Finally, Red Lion submits that the PUC applied the incorrect standard
in determining that the Emergency Interconnect Agreement is in the public interest
by failing to consider that the emergency interconnect is unnecessary because Red
Lion’s service is adequate to cover all of DYWA’s customers; the water supplied
under the interconnect agreement will only serve a fraction of DYWA’s customers;
and yet all of DYWA’s customers are bearing the cost under the agreement.
Moreover, the PUC abdicated its responsibility to reach its own public interest
determination notwithstanding DEP’s policy regarding emergency interconnect
agreements with more than one supplier.
However, Sections 102 and 501(b) of the Code, 66 Pa. C.S. §§102,
501(b), confer on the PUC the power to supervise and regulate public utilities in
Pennsylvania. Sections 1302 and 1308, 66 Pa.
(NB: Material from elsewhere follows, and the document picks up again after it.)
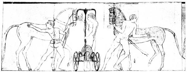 It was the major-domo of the Bishop of Corneto, Vittorio Masi, who first opened them together with other tombs in the vicinity of Corneto. In the spring of 1827 he invited two German barons, Stackelberg, an able archaeologist, and Kestner, the Hanoverian ambassador in Rome, to inspect them, and, if they so desired, to survey, draw, and publish the pictures in the tombs. The two men arrived, accompanied by Thürmer, a Bavarian architect, to find the tombs themselves despoiled of their accessories, but the walls covered with wonderful pictures dating from the sixth and fifth centuries B.C. They set to work immediately, studying and copying the pictures in the richest of the tombs, the Tomba delle Bighe. Stackelberg made five charming water-colours in order to save the colouring for posterity; Thürmer executed eleven careful drawings. In all, the two men painted and drew two hundred and twenty-five figures, and the whole of the material is now preserved in the Archaeological2 Seminar of the University of Strasburg. In his diary Stackelberg gives a vivid description of the discomfort which they experienced, drawing by torchlight in the cold, dank tomb-chamber, and only emerging now and then into the warm Italian spring sunlight in order to recuperate or to enjoy a light repast on the top of the tumulus, commanding a view of the sea. To this were added fatiguing social duties; local patriotism was aroused in Corneto; the noble families in the town vied in displaying hospitality to the Germans, and big banquets were held, at which sonnets were recited to the ‘heroes’ who once slept in the tombs. The drawing and copying of the colours on the walls in the Tomb of the Chariots, as well as in the Tomb of the Inscriptions and in the Tomb of the Baron—so called after Baron Kestner—were rightly considered the chief matter, because in the very first summer after they were opened, the dampness of the tombs in a few weeks ruined large portions of them, especially in the Tomba delle Bighe. After his return to Rome, Baron Stackelberg caught typhoid fever and did not recover till late in the winter. In the next spring he went to Germany, where his excavations had created such an immense sensation that even the aged Goethe asked Stackelberg to dine with him in Weimar and studied the drawings with the greatest interest. But, in spite of the national enthusiasm called forth by the excavations, the projected great work came to nothing; the coloured plates of the paintings, with the then existing means of reproduction, promised to be so expensive that the publishers took alarm. Pending these negotiations, the paintings from the three tombs were published in French and Italian works in very poor and incorrect reproductions, and no other reproductions were available till 1916, when the German archaeologist, Weege, at last managed to bring out an admirable publication of the Tomba delle Bighe, the most important of the three tombs.1
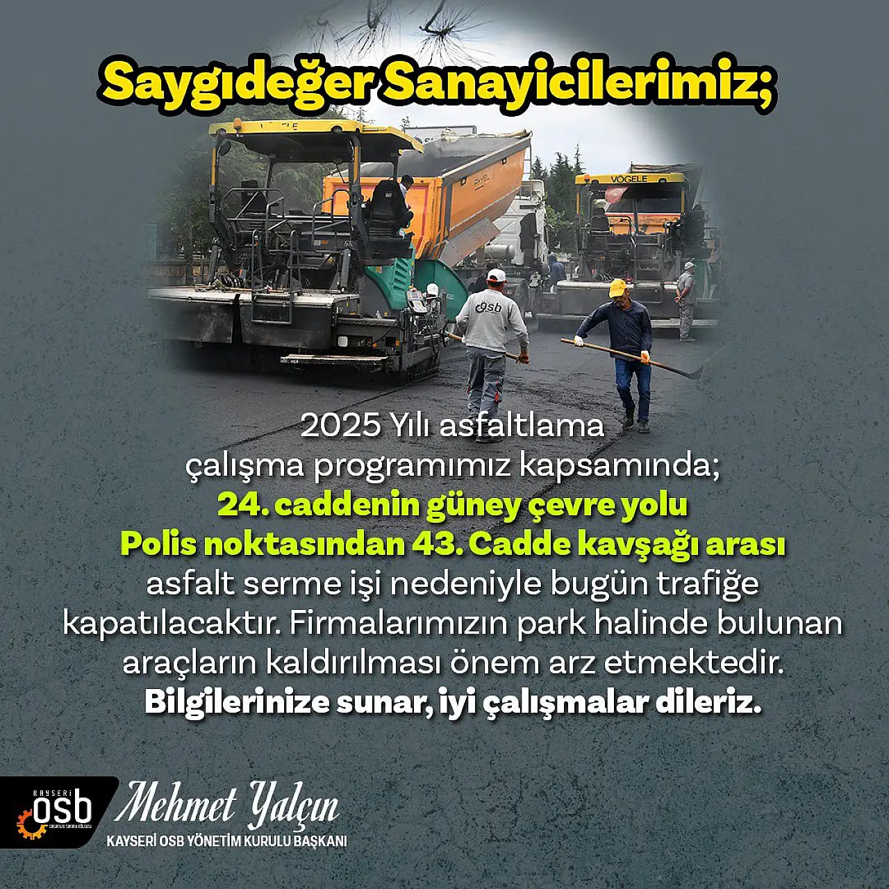 Kayseri OSB’den yapılan açıklamada şu ifadelere yer verildi, ‘Saygıdeğer Sanayicilerimiz; 2025 Yılı asfaltlama çalışma programımız kapsamında; 24. caddenin güney çevre yolu Polis noktasından 43. Cadde kavşağı arası asfalt serme işi nedeniyle bugün trafiğe kapatılacaktır. Firmalarımızın park halinde bulunan araçların kaldırılması önem arz etmektedir. Bilgilerinize sunar, iyi çalışmalar dileriz’

C.S. §§1302, 1308, grant the PUC
the authority to review and approve tariffs. Section 507 merely provides a
mechanism by which a public utility may seek an exception to tariff rules, and the
PUC may approve a contract for service at a rate other than the tariff. The relevant
16
inquiry in a case such as this is whether the contract is reasonable and in the public
interest and is within the PUC’s discretion. City of Pittsburgh v. Pennsylvania
Public Utility Commission, 33 A.2d 641, 642 (Pa. Super. 1943).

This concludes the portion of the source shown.